Die Weltanschauung der Inder war schon immer eine Bewegung zur Erreichung von Vollkommenheit in Stufen. Es gab nie den Versuch, die Stufen der Evolution zu überspringen, sondern vielmehr ein sehr systematisches Bestreben, die Pflichten zu erfüllen, die von jedem auf jeder Evolutionsstufe verlangt werden, beginnend mit der niedrigstmöglichen Form.

Ich habe bereits erwähnt, dass diese Vision der Vollkommenheit die vier Ziele der menschlichen Existenz berücksichtigt, die als Purusharthas bekannt sind - Dharma, Artha, Kama und Moksha. - Dieses große Ideal wird durch die Verwaltung und Organisation der Gesellschaft und die Disziplin des Einzelnen umgesetzt und verwirklicht. Die Organisation der Gesellschaft nahm die Form des Varna-Systems an, und die Disziplin des Individuums nahm die Form des Ashrama-Systems an. Dies sind die berühmten Varna- und Ashrama-Ordnungen für die Regelung des Lebens als Ganzes.

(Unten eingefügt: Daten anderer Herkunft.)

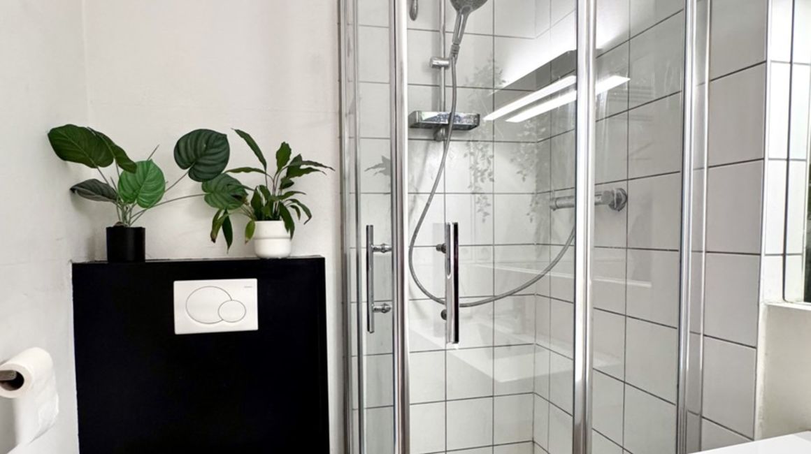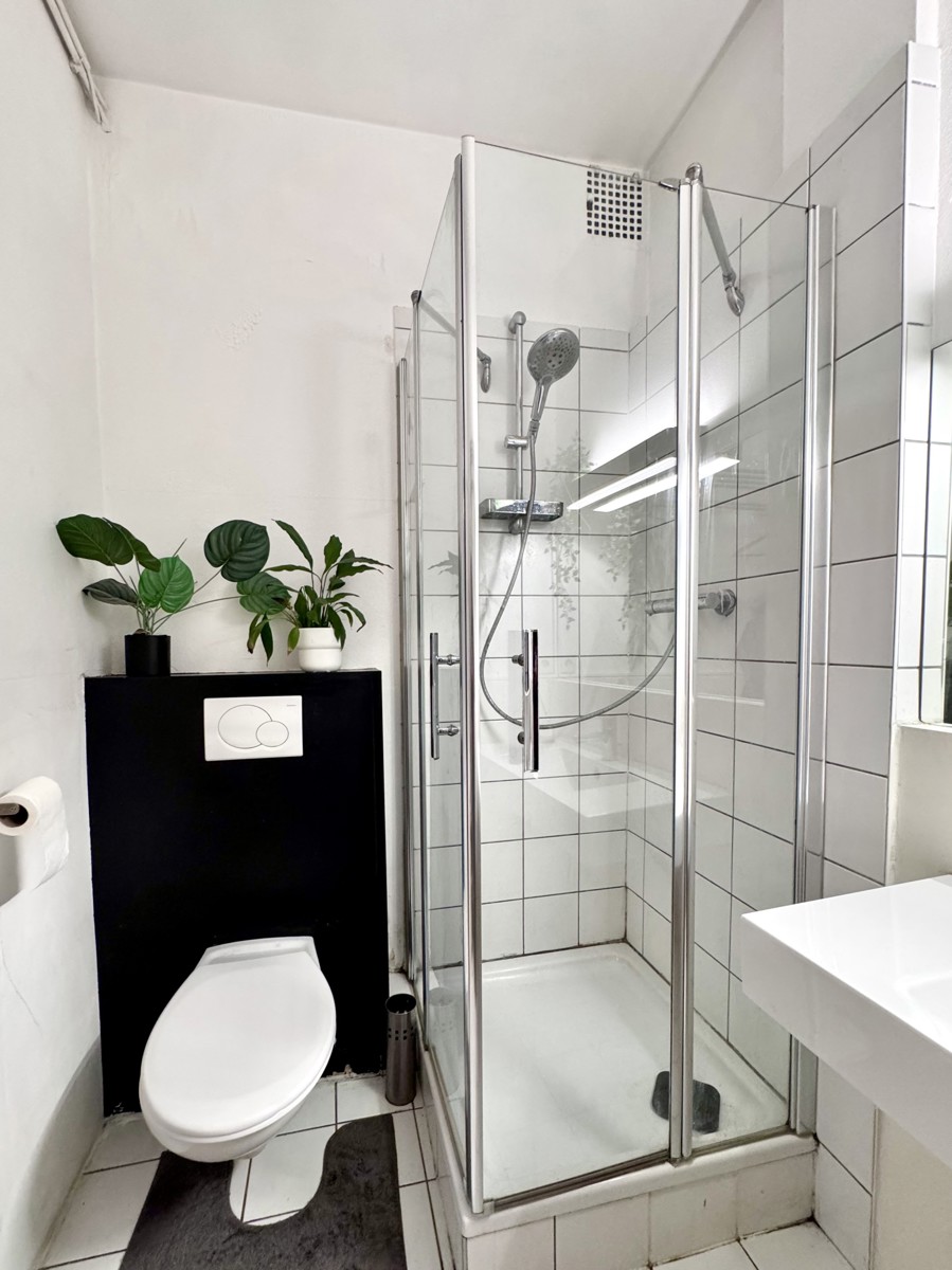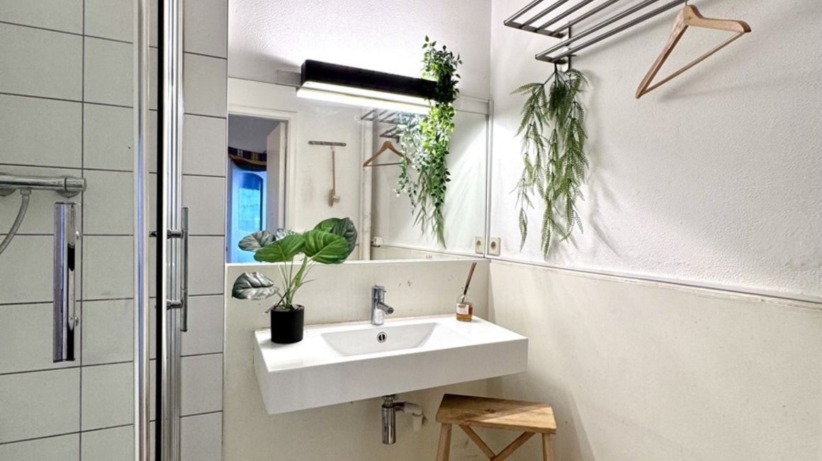 Tussen beide slaapkamer bevindt zich de BADKAMER (ca. 1,70m x 2,5m) die voorzien is van een douche, een wastafel, toilet en aansluitingen voor een wasmachine en een droogkast.

Kein Mensch auf dieser Welt ist vollkommen, und kein Mensch kann vollkommen sein. Da die Begabungen eines jeden Individuums partiell sind, wäre die menschliche Gesellschaft eine Ansammlung partieller Individualitäten; es gäbe nirgendwo etwas Vollkommenes. Die menschliche Persönlichkeit ist ein Gemisch aus verschiedenen Ebenen oder, wie wir sagen können, Kräften. Die Schichten der so genannten Individualität - der physische Körper, die Pranas, der Verstand, der Intellekt und der Geist - sind alle in jedem Individuum vorhanden, aber keine davon ist voll entwickelt. Wenn der Körper vollkommen ist, ist es der Geist vielleicht nicht; wenn der Geist vollkommen ist, ist es der Körper vielleicht nicht, und so weiter.

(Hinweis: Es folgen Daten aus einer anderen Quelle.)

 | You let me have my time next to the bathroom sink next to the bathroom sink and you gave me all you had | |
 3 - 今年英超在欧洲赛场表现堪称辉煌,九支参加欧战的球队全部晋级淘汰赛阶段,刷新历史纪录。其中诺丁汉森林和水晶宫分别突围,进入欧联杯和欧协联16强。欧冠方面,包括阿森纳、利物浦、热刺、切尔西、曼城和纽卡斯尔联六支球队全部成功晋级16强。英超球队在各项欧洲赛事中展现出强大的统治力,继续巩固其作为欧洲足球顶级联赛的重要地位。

Die Weisheit der Alten war so groß, dass sie über ein System nachdachten, wie man eine Art von Vollkommenheit in die soziale Ordnung einführen könnte, indem man die verschiedenen partiellen Begabungen der Persönlichkeiten zu einem geordneten System zusammenfügte, das die Form der Vollkommenheit annahm. In der Sankhya-Philosophie haben wir das berühmte Beispiel, das das gemeinsame Wirken von Purusha und Prakriti illustriert. Purusha soll wie ein Lahmer sein, der sehen kann; Prakriti soll wie ein Blinder sein, der gehen kann. Angenommen, die Person, die sehen kann, aber keine Beine hat, sitzt auf den Schultern der Person, die nicht sehen kann, aber Beine hat; dann gibt es den Anschein einer vollständigen Fähigkeit, das Ziel zu erreichen. Wir können sagen, dass es eine totale Individualität gibt, indem wir zwei Teilaspekte zusammenbringen, was eine gute Illustration ist, um den Punkt zu erklären, den wir im Zusammenhang mit dem Varna-System machen.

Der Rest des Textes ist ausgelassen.